Didier Fassin, Anne-Claire Defossez, Umanità in esilio, Feltrinelli 2025.

Gli individui di cui scrivono Fassin e Defossez sono i cosiddetti “sfollati forzati”, cioè tutte quelle persone che hanno lasciato la propria casa a causa di “persecuzioni, conflitti, violenze, violazioni dei diritti umani ed eventi che turbano gravemente l’ordine pubblico”, come riporta la definizione dell’Alto commissariato delle Nazioni unite per i rifugiati.

Questi esuli, dunque, provenienti dal Medio Oriente o dall’Africa, dopo aver vissuto esperienze disumanizzanti nel loro lungo tragitto, vengono successivamente sottoposti a giudizi xenofobi e pratiche di brutalizzazione proprio da quella comunità europea, nel momento in cui molti Paesi del vecchio continente decidono di non riconoscere a questi disperati il diritto di fare domanda d’asilo, mentre sono stati spesso costretti a lasciare il loro paese per sfuggire a situazioni di pericolo di vita nei loro luoghi d’origine. Insomma, l’Europa ignora sistematicamente i diritti dei migranti mentre in un certo modo sostiene le pratiche vessatorie e le umiliazioni cui vengono sottoposti questi “umani in esilio” nel momento in cui tentano di raggiungere le nostre terre o attraversano i territori dell’Unione Europea.

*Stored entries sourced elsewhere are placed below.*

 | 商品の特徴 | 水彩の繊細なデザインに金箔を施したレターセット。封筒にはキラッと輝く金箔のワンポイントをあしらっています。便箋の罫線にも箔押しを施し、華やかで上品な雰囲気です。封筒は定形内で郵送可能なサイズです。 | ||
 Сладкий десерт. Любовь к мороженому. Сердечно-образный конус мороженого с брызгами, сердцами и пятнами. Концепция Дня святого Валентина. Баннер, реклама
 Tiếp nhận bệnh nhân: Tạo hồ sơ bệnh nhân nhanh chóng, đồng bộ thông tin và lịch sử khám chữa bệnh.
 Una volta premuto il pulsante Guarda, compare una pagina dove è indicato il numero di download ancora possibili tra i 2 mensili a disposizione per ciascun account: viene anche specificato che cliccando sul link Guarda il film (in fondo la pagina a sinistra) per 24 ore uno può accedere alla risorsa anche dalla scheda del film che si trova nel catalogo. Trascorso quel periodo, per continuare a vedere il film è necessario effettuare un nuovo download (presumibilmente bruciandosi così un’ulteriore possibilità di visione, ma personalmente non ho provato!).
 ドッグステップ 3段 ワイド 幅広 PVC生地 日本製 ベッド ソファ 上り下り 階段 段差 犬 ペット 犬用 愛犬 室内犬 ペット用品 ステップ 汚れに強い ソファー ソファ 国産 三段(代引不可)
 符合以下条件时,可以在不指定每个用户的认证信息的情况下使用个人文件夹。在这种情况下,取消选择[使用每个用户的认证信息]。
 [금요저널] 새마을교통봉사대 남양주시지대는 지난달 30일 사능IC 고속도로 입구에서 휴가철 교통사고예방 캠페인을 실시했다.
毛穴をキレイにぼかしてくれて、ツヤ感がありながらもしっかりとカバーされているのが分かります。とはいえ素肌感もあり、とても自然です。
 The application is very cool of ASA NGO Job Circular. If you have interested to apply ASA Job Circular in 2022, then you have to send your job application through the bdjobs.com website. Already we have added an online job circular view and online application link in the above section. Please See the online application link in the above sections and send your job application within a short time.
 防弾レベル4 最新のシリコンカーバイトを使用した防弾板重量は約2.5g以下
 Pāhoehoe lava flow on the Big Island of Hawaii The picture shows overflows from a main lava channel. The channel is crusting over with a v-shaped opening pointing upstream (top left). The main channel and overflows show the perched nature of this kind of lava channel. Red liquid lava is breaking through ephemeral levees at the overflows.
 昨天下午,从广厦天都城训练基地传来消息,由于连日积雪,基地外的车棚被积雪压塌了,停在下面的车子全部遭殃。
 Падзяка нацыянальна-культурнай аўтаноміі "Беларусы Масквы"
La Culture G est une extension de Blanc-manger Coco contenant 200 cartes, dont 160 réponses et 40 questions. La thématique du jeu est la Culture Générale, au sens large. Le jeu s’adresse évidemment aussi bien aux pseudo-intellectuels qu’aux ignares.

Ecco, allora, che il modo in cui gli esuli vengono trattati e respinti è indubbiamente un segno preoccupante del nostro tempo. E questo avviene pure tra Italia e Francia.

“Hanno iniziato a correre. Hanno creduto di aver sentito uno sparo. Si sono spaventati e si sono fermati. La donna incinta era terrorizzata e ha cominciato a tremare tutta, temendo che la colpissero. I quattro agenti li hanno raggiunti e, per pura formalità, hanno chiesto loro il permesso di soggiorno, che non avevano. La donna è rimasta seduta per mezz’ora, senza poter dire nulla, cercando di riprendersi. Poi i quattro gendarmi li hanno portati al posto di frontiera, dove sono stati consegnati agli agenti di polizia, che li hanno registrati, facendo loro firmare documenti che non capivano e spiegando in un inglese stentato che sarebbero stati riportati in Italia”.

Didier Fassin, Anne-Claire Defossez, Umanità in esilio.

Eppure tutto questo sembra incredibile, non solo perché Italia e Francia sono Paesi che si definiscono Paesi democratici e Stati di diritto che riconoscono la Convenzione di Ginevra sui Rifugiati.

Sembra incredibile anche per un altro motivo, di natura socio-economica. Lo hanno raccontato anche gli stessi Didier Fassin e Anne-Claire Defossez in un articolo pubblicato sullo speciale Robinson di Repubblica, il 17 agosto 2025.

“In queste loro politiche, i Paesi europei si svincolano sempre più dalle regole internazionali, per esempio sospendendo il diritto all’asilo per periodi più o meno lunghi. Eppure, in un momento in cui la situazione demografica dei Paesi europei è in declino e la loro economia necessita del reclutamento di manodopera, i finanziamenti stanziati per la repressione sarebbero meglio spesi se venissero messi a disposizione della degna accoglienza di queste persone e per favorire la loro integrazione. Non è solo una questione di umanità”.

Ma è un’altra la cosa incredibile che i due sociologi francesi hanno scoperto nella loro lunga e dettagliata ricerca svolta lungo la frontiera alpina, in Val di Susa, a Briançon, attraverso il Colle del Monginevro, uno dei più accessibili delle Alpi.

Didier Fassin e Anne-Claire Defossez hanno infatti scoperto che di questi migranti non importa niente a nessuno. Tanto più ora al cospetto delle altre due crisi maggiori internazionali, cioè Gaza e l’Ucraina.

Di ciò che accade ai migranti quasi non se ne parla più, tanto che la tragedie che avvengono tuttora non vengono neanche più definite con un nome, come invece era successo con il naufragio di Cutro nel 2023, in Calabria, per esempio. E se le cose non hanno un nome, allora non esistono neppure.

Lo confermano appunto Didier Fassin e Anne-Claire Defossez nel loro libro, Umanità in esilio. Cronache dalla frontiera alpina, tradotto e pubblicato in Italia per Feltrinelli Editore.